A sampling from the suitcase(s). (Bonnie Benwick/The Washington Post)

I’m back from a trip to Israel (hardly news for anyone who suffered my meal-by-meal tweets), and boy are my arms tired.

That’s my standard airport repartee, delivered to whoever comes to take me home. But this time I meant it. I hauled back so many edible souvenirs that I had to buy a second suitcase, borrow a carry-on bag from my friend’s parents in Tel Aviv and pay an overweight baggage fee. What was I thinking?

Well, for starters, food gifts are better than snow globes, refrigerator magnets and leather goods (an especially close call). Depending on the place, you can bring home a taste of it and make the sensory memories last a bit longer. Just steer clear of meat products, wrap in plastic anything that might leak and stash the items in your checked luggage.

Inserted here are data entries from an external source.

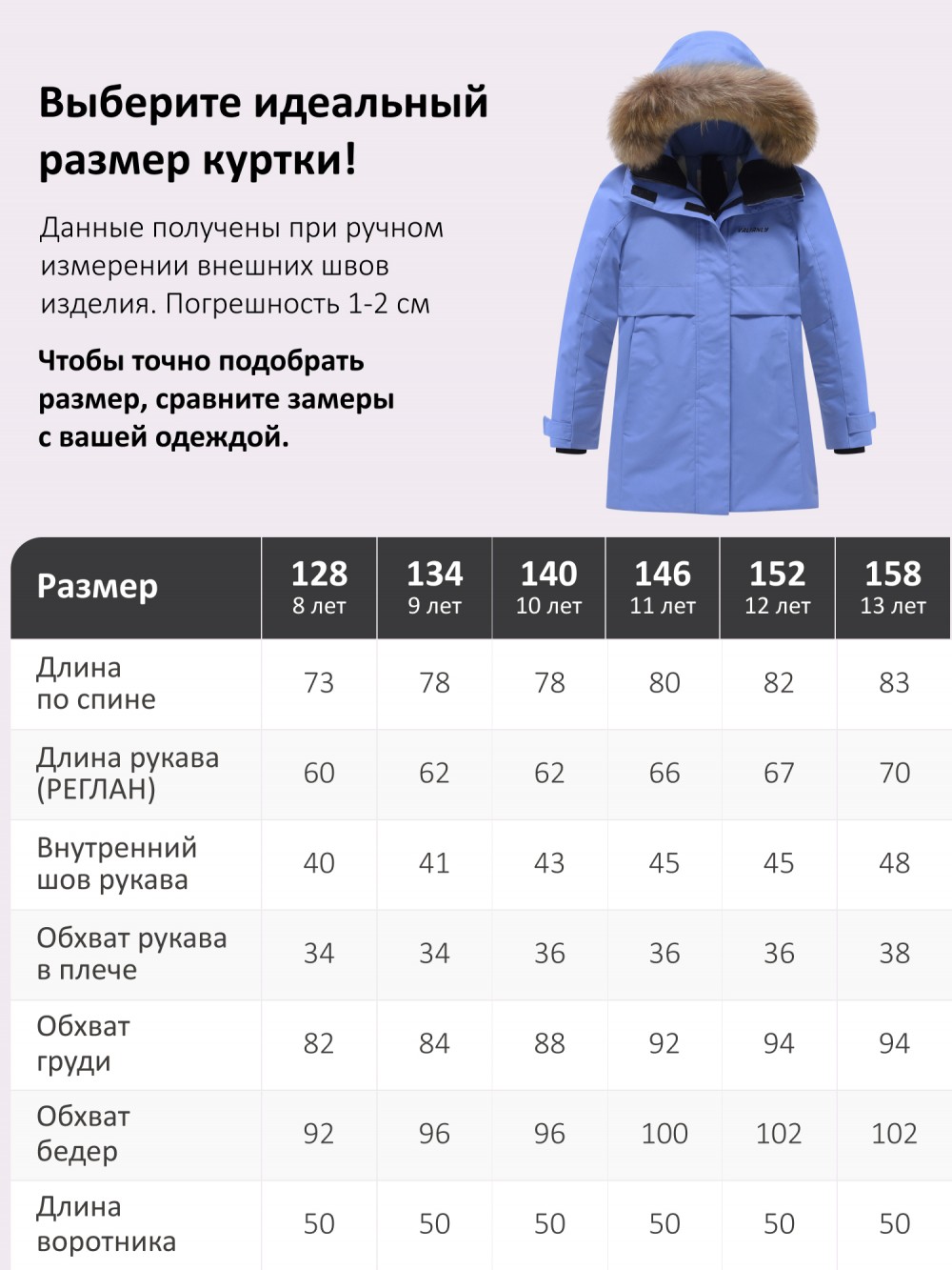 Размер Длина изделия по спине Длина рукава от плеча (РЕГЛАН) Внутренний шов рукава Обхват рукава в плече Обхват груди Обхват бедер Длина воротника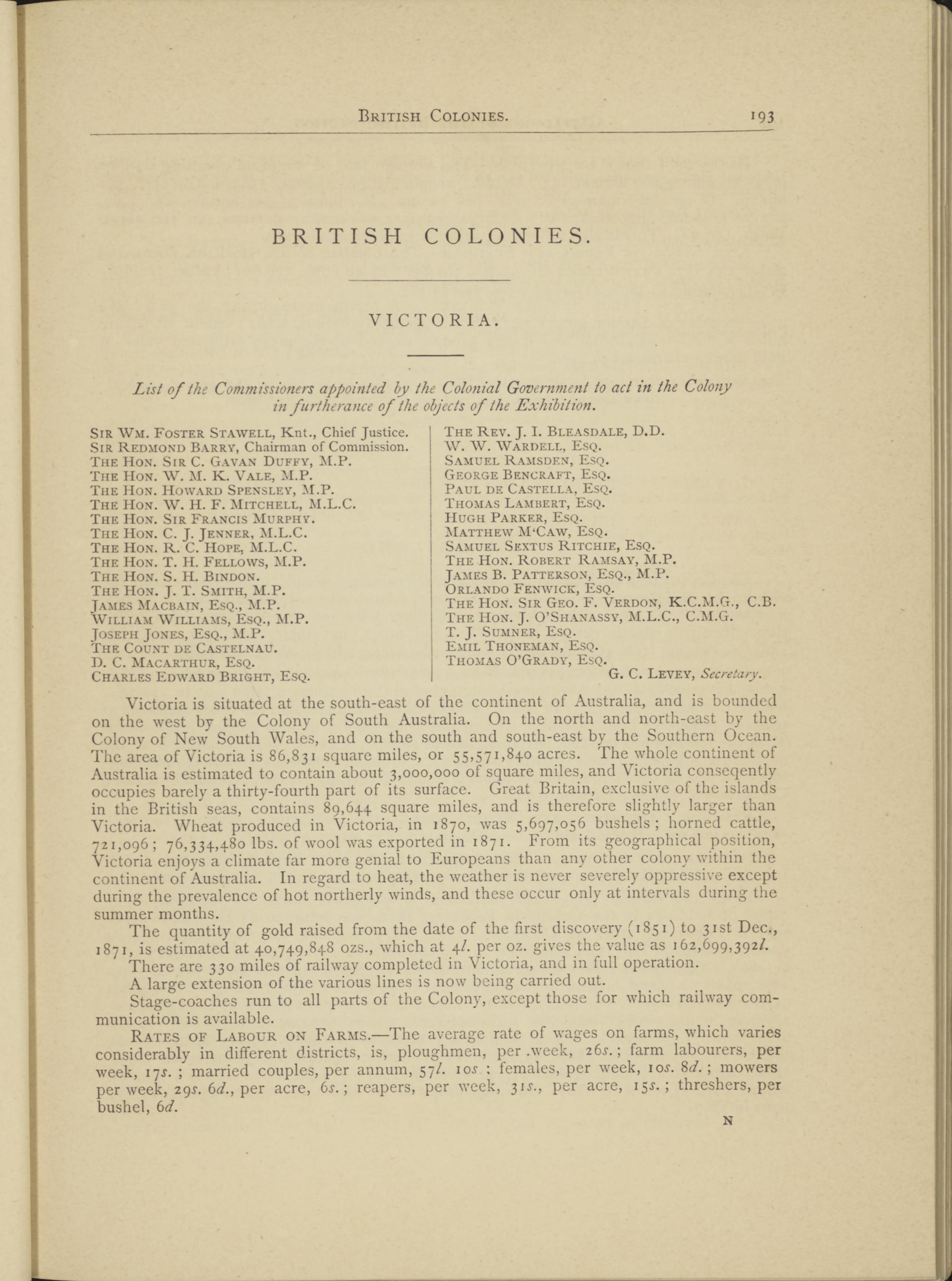Victoria is situated at the south-east of the continent of Australia, and is bounded on the west by the Colony of South Australia. On the north and north-east by the Colony of New South Wales, and on the south and south-east by the Southern Ocean. The area of Victoria is 86,831 square miles, or 55,571,840 acres. The whole continent of Australia is estimated to contain about 3,000,000 of square miles, and Victoria conseqently occupies barely a thirty-fourth part of its surface. Great Britain, exclusive of the islands in the British seas, contains 89,644 square miles, and is therefore slightly larger than Victoria. Wheat produced in Victoria, in 1870, was 5,697,056 bushels; horned cattle, 721,096; 76,334,480 lbs. of wool was exported in 1871. From its geographical position, Victoria enjoys a climate far more genial to Europeans than any other colony within the continent of Australia. In regard to heat, the weather is never severely oppressive except during the prevalence of hot northerly winds, and these occur only at intervals during the summer months.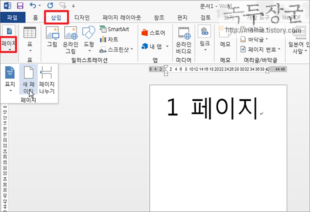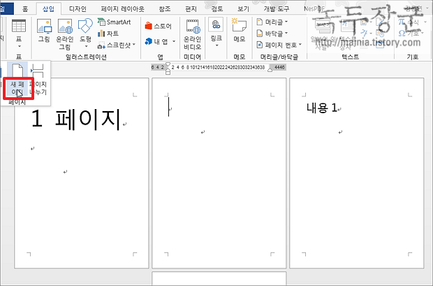 ▼ 새 페이지를 추가하기 위해서는 삽입 탭의 페이지 리본 메뉴로 가야 합니다. 페이지 리본 메뉴 하위에는 “새 페이지”와 “페이지 나누기”가 있습니다.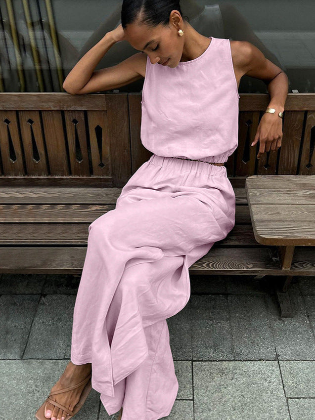 Women Sleeveless Casual Cotton Linen Two-Piece Set with Side Slits

I also wanted to compare the quality and brands of some Middle Eastern products and spices with those I’d purchased in Washington-area stores. And nothing goes over better with office mates than signature sweets -- pastel taffy from the beach notwithstanding.

Some of the goods are available in the United States; some aren’t and ought to be. I’ll leave tales about the pomegranate wine and liters of olive oils for blogposts in future weeks, along with some recipes Israeli chefs were kind enough to share with me.

Here’s a quick rundown of the rest. If you see any of your favorites, let me know what you like to do with them. I'm looking for ideas. And if you have found these around the Washington area, lead me to them!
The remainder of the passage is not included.